### Problem requirements
In the records below, find the line with "- گرگان پنجشنبهشب", then copy each line exactly until you have copied the line with "Imperial håndvask på". Leave any picture out.

### Task data
....................

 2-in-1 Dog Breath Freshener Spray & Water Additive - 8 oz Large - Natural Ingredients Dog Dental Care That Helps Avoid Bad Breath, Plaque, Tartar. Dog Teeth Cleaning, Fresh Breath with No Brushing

....................

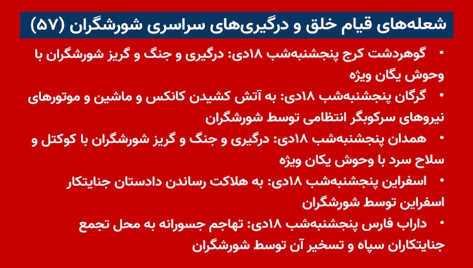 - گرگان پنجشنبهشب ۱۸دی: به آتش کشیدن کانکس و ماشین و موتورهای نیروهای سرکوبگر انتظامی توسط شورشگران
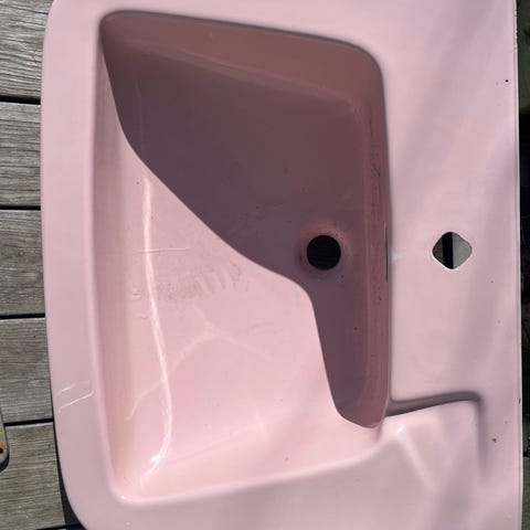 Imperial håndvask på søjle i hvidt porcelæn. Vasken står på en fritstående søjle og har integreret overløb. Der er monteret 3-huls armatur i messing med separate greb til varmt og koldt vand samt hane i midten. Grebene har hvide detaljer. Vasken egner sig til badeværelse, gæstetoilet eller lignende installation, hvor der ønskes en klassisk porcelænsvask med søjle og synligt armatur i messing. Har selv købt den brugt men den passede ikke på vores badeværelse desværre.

....................

### Completed task
 - گرگان پنجشنبهشب ۱۸دی: به آتش کشیدن کانکس و ماشین و موتورهای نیروهای سرکوبگر انتظامی توسط شورشگران
 Imperial håndvask på søjle i hvidt porcelæn. Vasken står på en fritstående søjle og har integreret overløb. Der er monteret 3-huls armatur i messing med separate greb til varmt og koldt vand samt hane i midten. Grebene har hvide detaljer. Vasken egner sig til badeværelse, gæstetoilet eller lignende installation, hvor der ønskes en klassisk porcelænsvask med søjle og synligt armatur i messing. Har selv købt den brugt men den passede ikke på vores badeværelse desværre.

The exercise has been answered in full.